Task instructions >>
Your answer must be the lines from the start of the records through the line with "RACOON Report Lite", exactly as written, without the pictures.

Entries taken from a collection

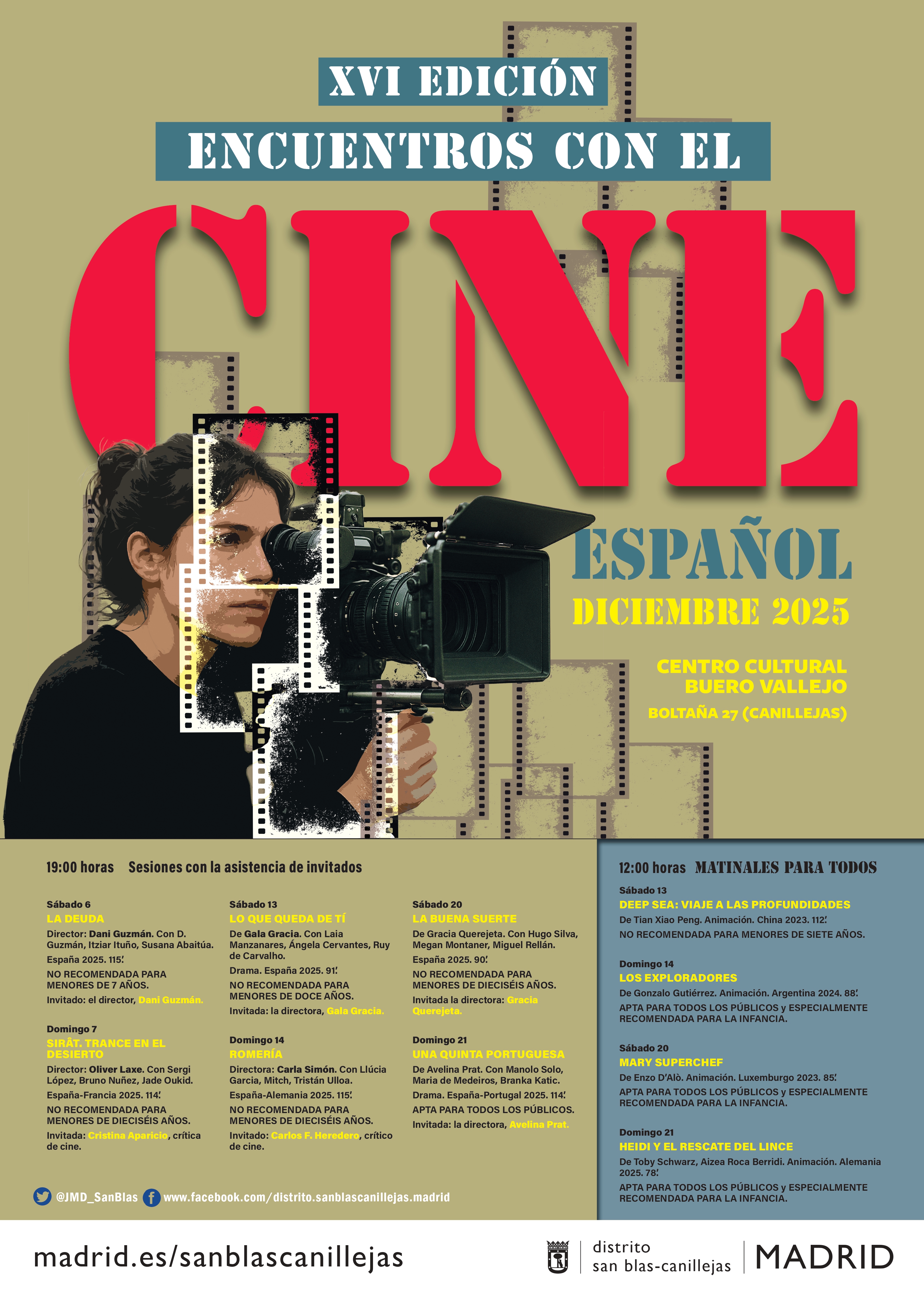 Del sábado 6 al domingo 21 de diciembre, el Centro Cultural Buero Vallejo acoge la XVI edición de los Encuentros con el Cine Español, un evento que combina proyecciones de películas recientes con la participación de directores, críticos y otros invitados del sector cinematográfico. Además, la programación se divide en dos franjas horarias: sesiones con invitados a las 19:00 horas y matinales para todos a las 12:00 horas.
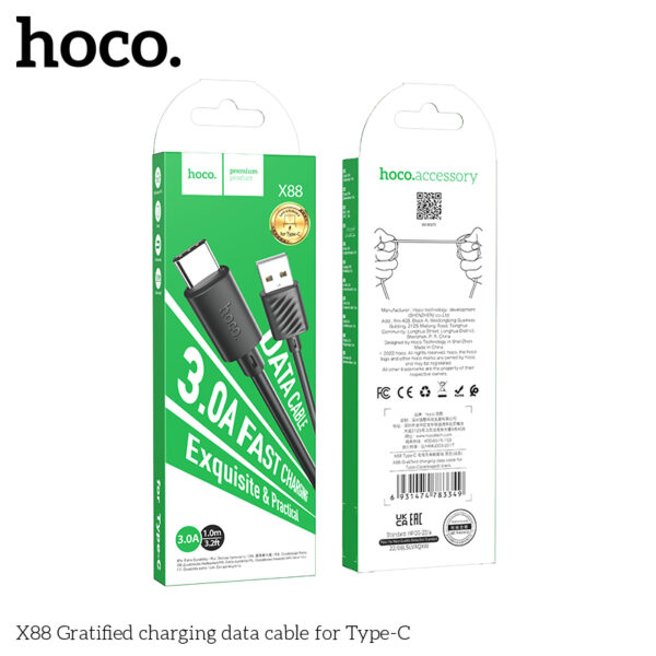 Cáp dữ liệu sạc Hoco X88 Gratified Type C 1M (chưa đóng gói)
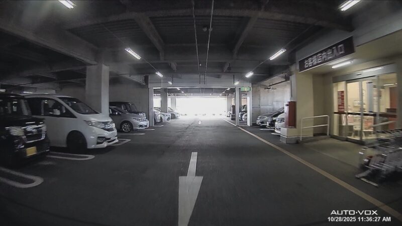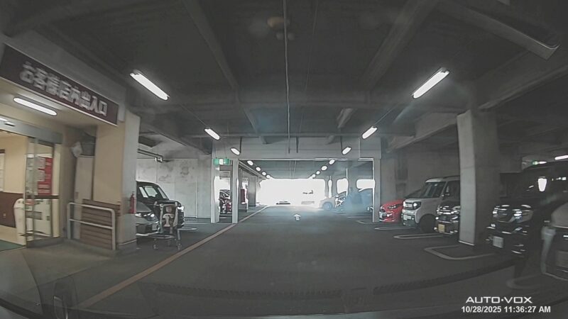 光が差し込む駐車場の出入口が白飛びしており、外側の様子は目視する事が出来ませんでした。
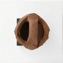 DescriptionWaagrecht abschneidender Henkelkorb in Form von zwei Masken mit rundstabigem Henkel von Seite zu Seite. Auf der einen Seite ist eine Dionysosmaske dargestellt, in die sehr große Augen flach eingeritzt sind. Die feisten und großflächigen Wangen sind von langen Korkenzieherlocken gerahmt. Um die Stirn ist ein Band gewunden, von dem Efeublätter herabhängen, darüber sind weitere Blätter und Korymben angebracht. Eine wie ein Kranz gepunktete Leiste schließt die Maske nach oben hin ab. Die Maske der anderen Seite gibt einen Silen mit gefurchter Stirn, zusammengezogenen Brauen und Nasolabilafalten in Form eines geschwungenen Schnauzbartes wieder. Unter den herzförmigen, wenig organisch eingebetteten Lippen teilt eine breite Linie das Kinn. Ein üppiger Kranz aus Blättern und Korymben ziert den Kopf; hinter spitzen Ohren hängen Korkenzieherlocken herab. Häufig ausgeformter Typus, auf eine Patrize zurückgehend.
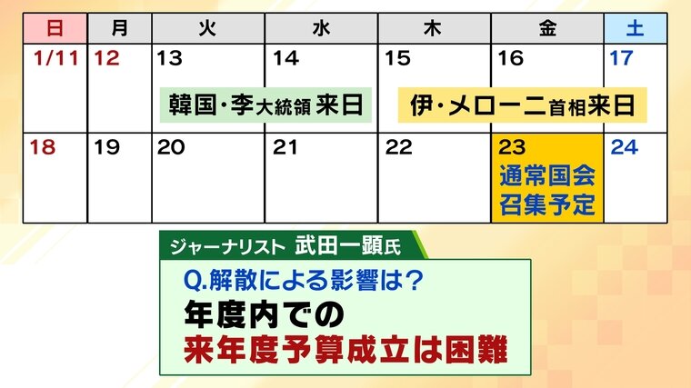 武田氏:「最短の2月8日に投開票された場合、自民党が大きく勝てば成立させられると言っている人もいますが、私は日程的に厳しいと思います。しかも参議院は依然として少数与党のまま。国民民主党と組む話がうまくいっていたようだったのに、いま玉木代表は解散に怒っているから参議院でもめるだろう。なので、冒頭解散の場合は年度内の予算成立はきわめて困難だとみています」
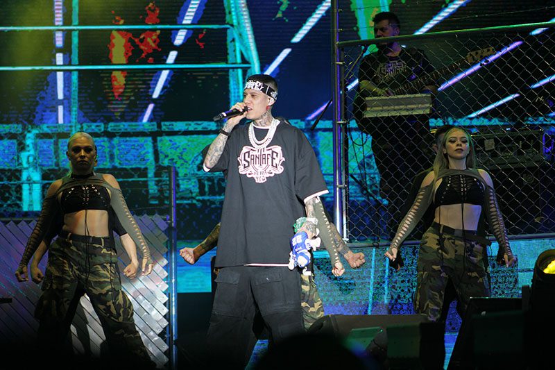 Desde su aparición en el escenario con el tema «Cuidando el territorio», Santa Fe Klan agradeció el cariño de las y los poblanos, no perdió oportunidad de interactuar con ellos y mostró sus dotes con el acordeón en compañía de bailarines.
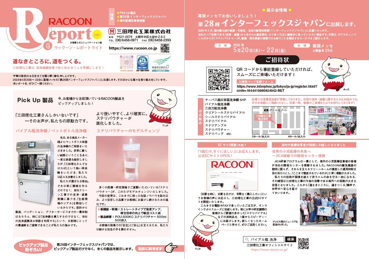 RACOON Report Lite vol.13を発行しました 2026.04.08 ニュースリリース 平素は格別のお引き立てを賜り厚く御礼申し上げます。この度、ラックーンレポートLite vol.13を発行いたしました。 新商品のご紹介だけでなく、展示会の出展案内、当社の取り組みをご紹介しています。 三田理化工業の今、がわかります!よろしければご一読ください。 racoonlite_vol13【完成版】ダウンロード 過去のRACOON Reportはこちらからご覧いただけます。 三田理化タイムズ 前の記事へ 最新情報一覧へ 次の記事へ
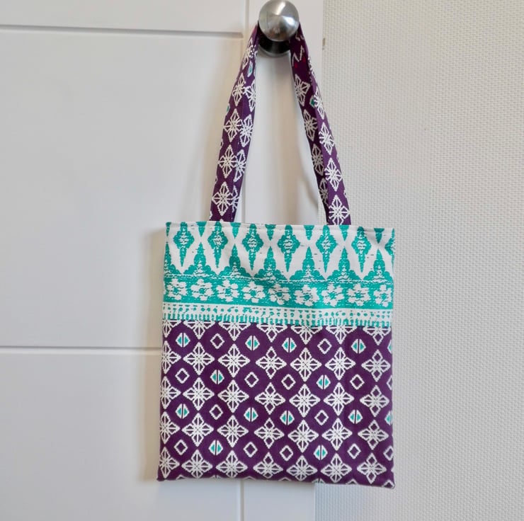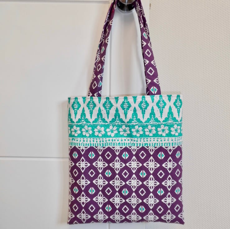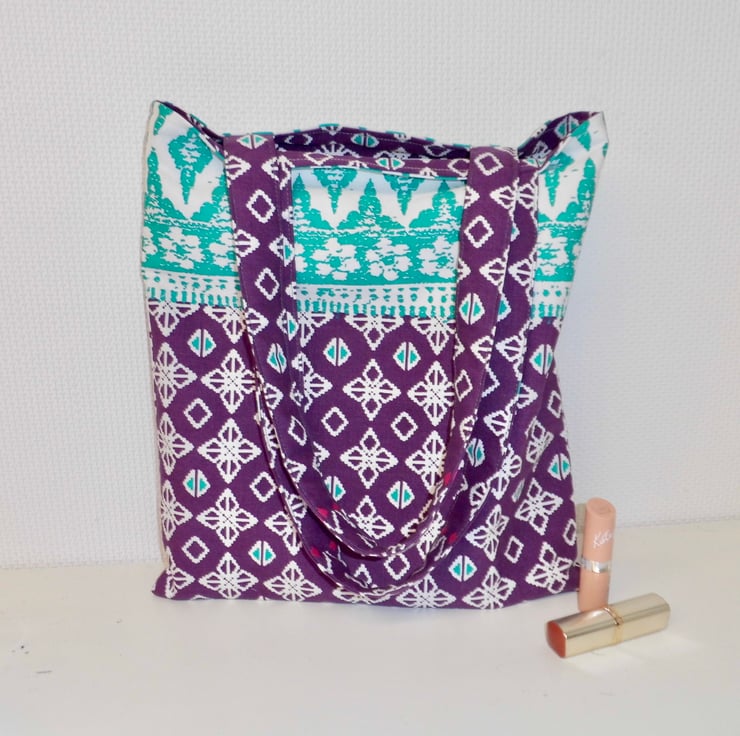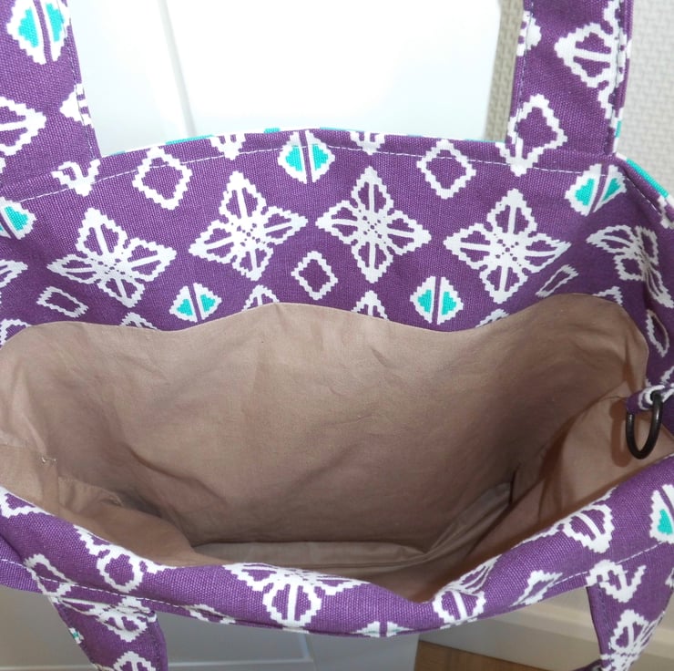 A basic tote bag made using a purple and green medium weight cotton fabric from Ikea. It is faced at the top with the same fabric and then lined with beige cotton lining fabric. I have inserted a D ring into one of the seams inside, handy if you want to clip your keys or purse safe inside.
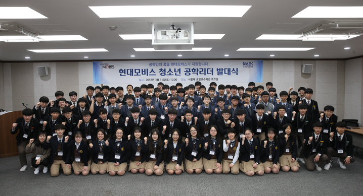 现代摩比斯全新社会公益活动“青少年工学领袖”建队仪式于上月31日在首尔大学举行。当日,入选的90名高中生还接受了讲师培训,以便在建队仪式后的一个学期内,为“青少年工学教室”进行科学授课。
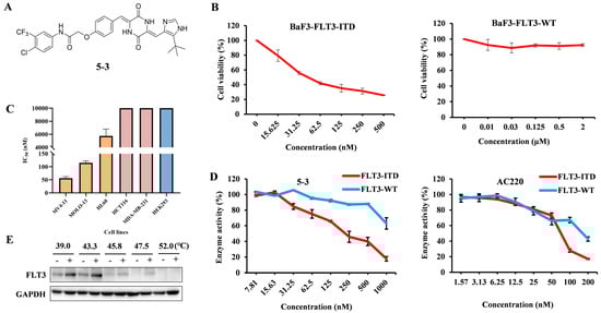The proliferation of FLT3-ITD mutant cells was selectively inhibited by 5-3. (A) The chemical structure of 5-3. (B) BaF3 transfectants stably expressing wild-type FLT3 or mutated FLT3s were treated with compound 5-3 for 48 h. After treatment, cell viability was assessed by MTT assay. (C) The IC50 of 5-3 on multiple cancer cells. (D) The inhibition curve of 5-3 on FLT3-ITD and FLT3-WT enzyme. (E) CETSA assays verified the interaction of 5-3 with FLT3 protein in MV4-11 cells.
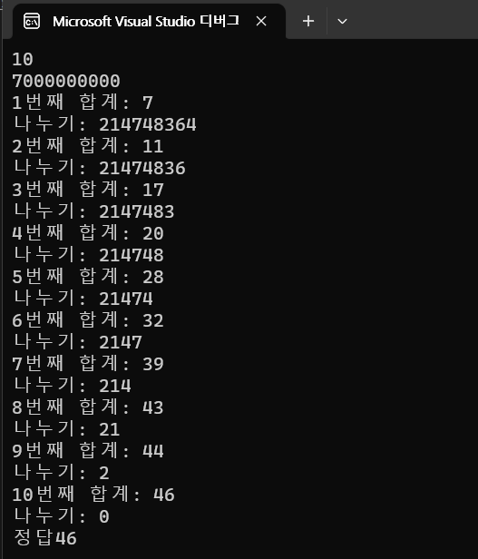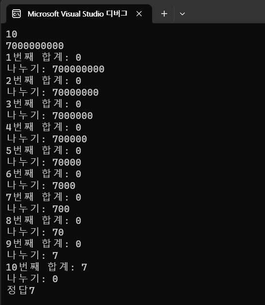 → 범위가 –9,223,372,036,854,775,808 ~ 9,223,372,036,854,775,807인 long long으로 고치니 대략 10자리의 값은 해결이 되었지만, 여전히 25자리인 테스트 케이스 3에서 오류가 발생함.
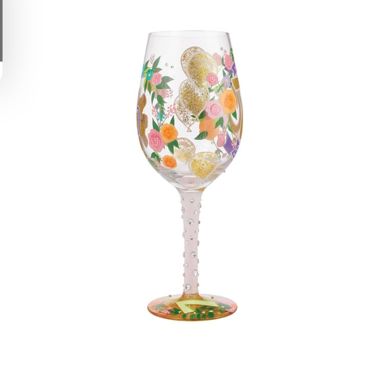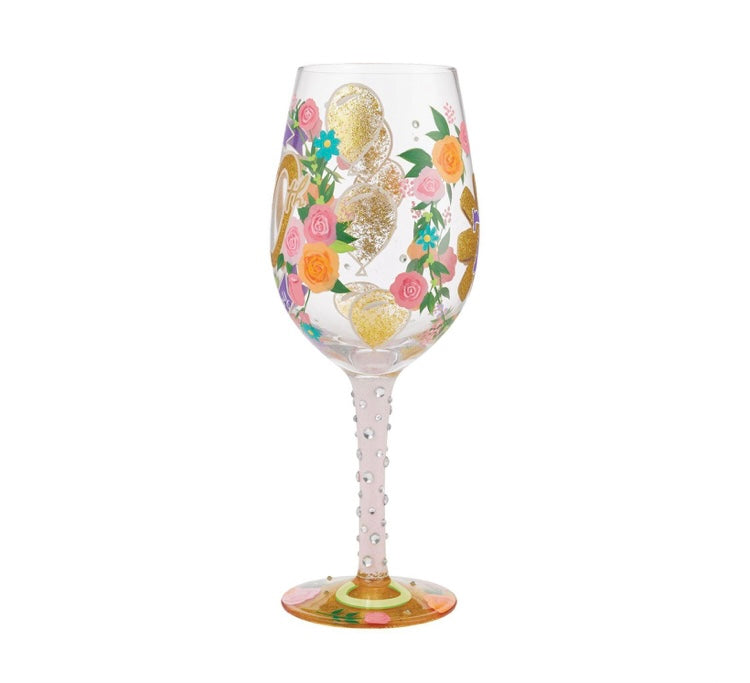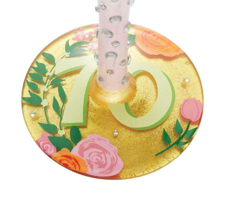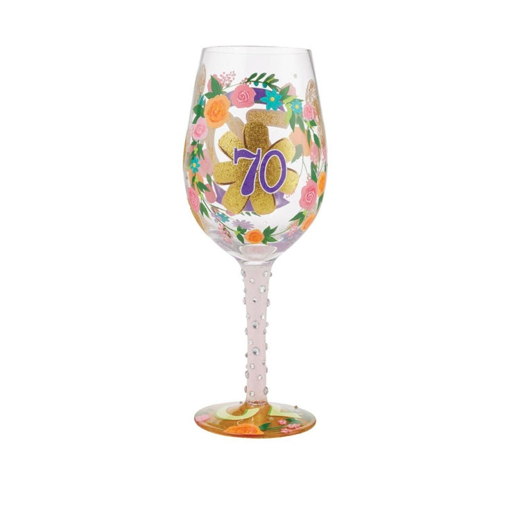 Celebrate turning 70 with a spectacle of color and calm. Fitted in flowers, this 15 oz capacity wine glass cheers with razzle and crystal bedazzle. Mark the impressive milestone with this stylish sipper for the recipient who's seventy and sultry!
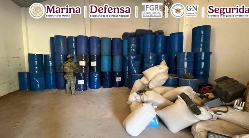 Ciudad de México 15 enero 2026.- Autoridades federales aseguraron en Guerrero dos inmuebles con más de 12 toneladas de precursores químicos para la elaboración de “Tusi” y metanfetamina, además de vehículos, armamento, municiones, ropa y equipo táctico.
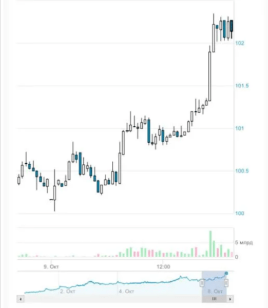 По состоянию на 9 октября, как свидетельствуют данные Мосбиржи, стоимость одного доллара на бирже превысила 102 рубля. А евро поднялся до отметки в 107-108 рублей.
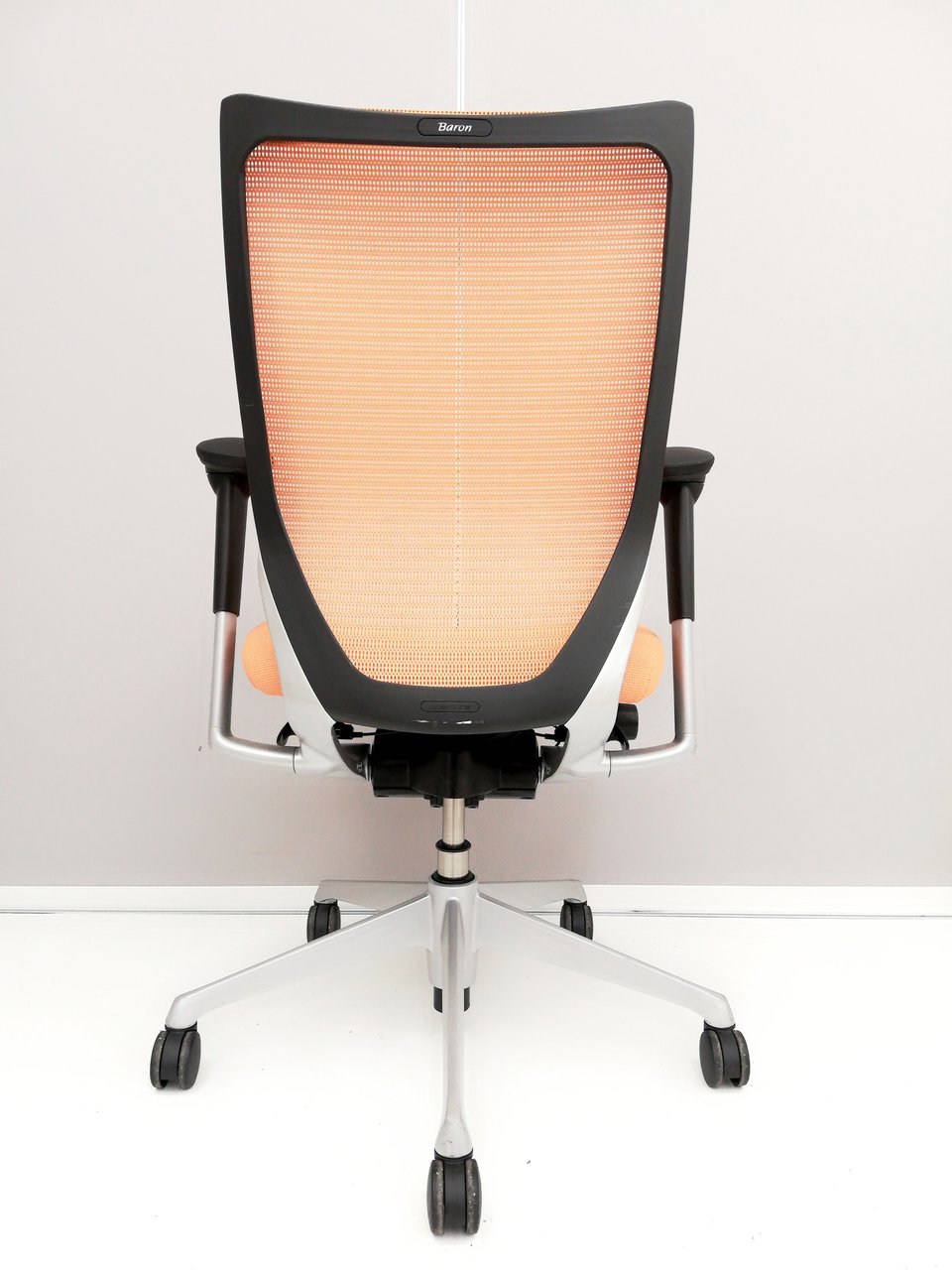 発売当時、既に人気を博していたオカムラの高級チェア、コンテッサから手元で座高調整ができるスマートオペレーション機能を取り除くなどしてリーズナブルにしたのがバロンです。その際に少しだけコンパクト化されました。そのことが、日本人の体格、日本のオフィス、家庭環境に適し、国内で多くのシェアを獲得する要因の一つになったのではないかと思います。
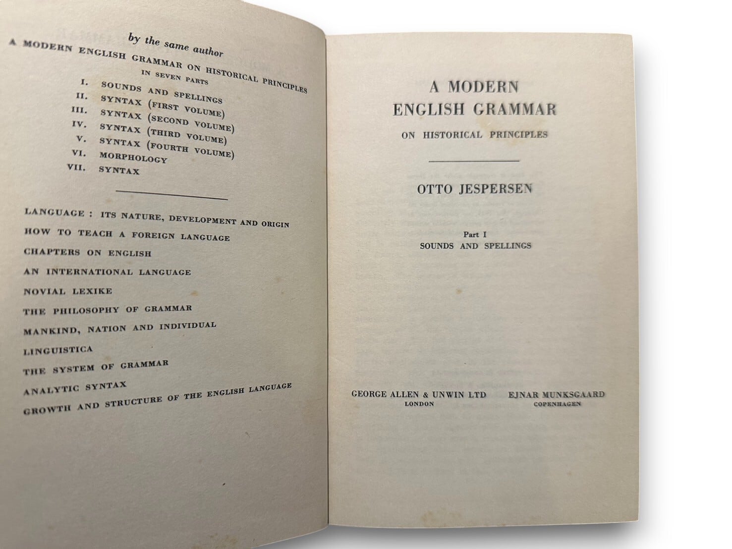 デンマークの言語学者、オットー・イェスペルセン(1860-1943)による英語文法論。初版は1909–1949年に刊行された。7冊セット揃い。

Solution to this exercise >>
 Del sábado 6 al domingo 21 de diciembre, el Centro Cultural Buero Vallejo acoge la XVI edición de los Encuentros con el Cine Español, un evento que combina proyecciones de películas recientes con la participación de directores, críticos y otros invitados del sector cinematográfico. Además, la programación se divide en dos franjas horarias: sesiones con invitados a las 19:00 horas y matinales para todos a las 12:00 horas.
 Cáp dữ liệu sạc Hoco X88 Gratified Type C 1M (chưa đóng gói)
 光が差し込む駐車場の出入口が白飛びしており、外側の様子は目視する事が出来ませんでした。
 DescriptionWaagrecht abschneidender Henkelkorb in Form von zwei Masken mit rundstabigem Henkel von Seite zu Seite. Auf der einen Seite ist eine Dionysosmaske dargestellt, in die sehr große Augen flach eingeritzt sind. Die feisten und großflächigen Wangen sind von langen Korkenzieherlocken gerahmt. Um die Stirn ist ein Band gewunden, von dem Efeublätter herabhängen, darüber sind weitere Blätter und Korymben angebracht. Eine wie ein Kranz gepunktete Leiste schließt die Maske nach oben hin ab. Die Maske der anderen Seite gibt einen Silen mit gefurchter Stirn, zusammengezogenen Brauen und Nasolabilafalten in Form eines geschwungenen Schnauzbartes wieder. Unter den herzförmigen, wenig organisch eingebetteten Lippen teilt eine breite Linie das Kinn. Ein üppiger Kranz aus Blättern und Korymben ziert den Kopf; hinter spitzen Ohren hängen Korkenzieherlocken herab. Häufig ausgeformter Typus, auf eine Patrize zurückgehend.
 武田氏:「最短の2月8日に投開票された場合、自民党が大きく勝てば成立させられると言っている人もいますが、私は日程的に厳しいと思います。しかも参議院は依然として少数与党のまま。国民民主党と組む話がうまくいっていたようだったのに、いま玉木代表は解散に怒っているから参議院でもめるだろう。なので、冒頭解散の場合は年度内の予算成立はきわめて困難だとみています」
 Desde su aparición en el escenario con el tema «Cuidando el territorio», Santa Fe Klan agradeció el cariño de las y los poblanos, no perdió oportunidad de interactuar con ellos y mostró sus dotes con el acordeón en compañía de bailarines.
 RACOON Report Lite vol.13を発行しました 2026.04.08 ニュースリリース 平素は格別のお引き立てを賜り厚く御礼申し上げます。この度、ラックーンレポートLite vol.13を発行いたしました。 新商品のご紹介だけでなく、展示会の出展案内、当社の取り組みをご紹介しています。 三田理化工業の今、がわかります!よろしければご一読ください。 racoonlite_vol13【完成版】ダウンロード 過去のRACOON Reportはこちらからご覧いただけます。 三田理化タイムズ 前の記事へ 最新情報一覧へ 次の記事へ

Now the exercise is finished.